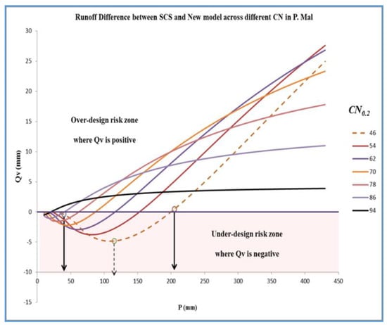 Figure 6 illustrates the use of runoff difference curves to identify the “critical rainfall amount” (Pcrit) of several CN0.2 scenarios. For example, at CN0.2 = 46 (dash line curve), Pcrit is approximately 40 mm and 205 mm (eyeballed from the graph, Pcrit points are marked by solid downwards arrow where the curve intersects the x-axis, implying that Qv is near to 0). However, the Ia amount has not been initiated for rainfall less than 40 mm according to Figure 3 and therefore, only 205 mm was used as the original trial and error estimate to satisfy Equation (22) and solve for the final solution of Pcrit of CN0.2 = 46.
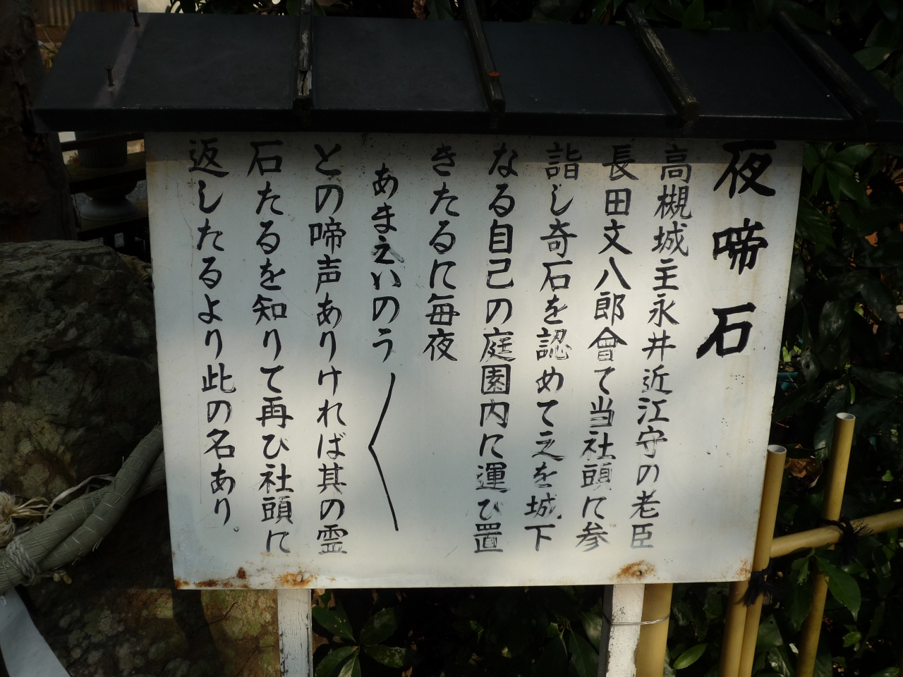 それから、この石を「夜啼き石」と呼ぶようになったという伝説があります。
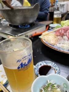 忘年会は、寒い冬にぴったりの4種類のお鍋を皆で囲んで談笑。
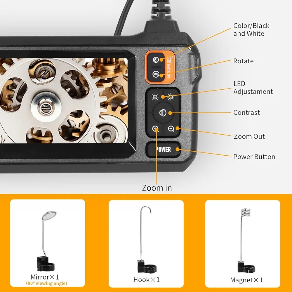 کاربرد گسترده این آندوسکوپ صنعتی میتواند به طور گسترده در بازرسی خودرو، تعمیر خانه، تعمیر لوله و غیره مورد استفاده قرار گیرد. همچنین دارای 3 ابزار مفید است: آهنربا، قلاب و آینه بغل. آنها میتوانند به ترتیب در جذب، قلاب کردن و مشاهده از پهلو به شما کمک کنند.
■ ■ ■ ■
Exact reproduction is required. Output only the lines from the one with "忘年会は、寒い冬にぴったりの4種類のお鍋を皆で囲んで談笑。" through the end of the listing above, both ends included, and no pictures.

 忘年会は、寒い冬にぴったりの4種類のお鍋を皆で囲んで談笑。
 کاربرد گسترده این آندوسکوپ صنعتی میتواند به طور گسترده در بازرسی خودرو، تعمیر خانه، تعمیر لوله و غیره مورد استفاده قرار گیرد. همچنین دارای 3 ابزار مفید است: آهنربا، قلاب و آینه بغل. آنها میتوانند به ترتیب در جذب، قلاب کردن و مشاهده از پهلو به شما کمک کنند.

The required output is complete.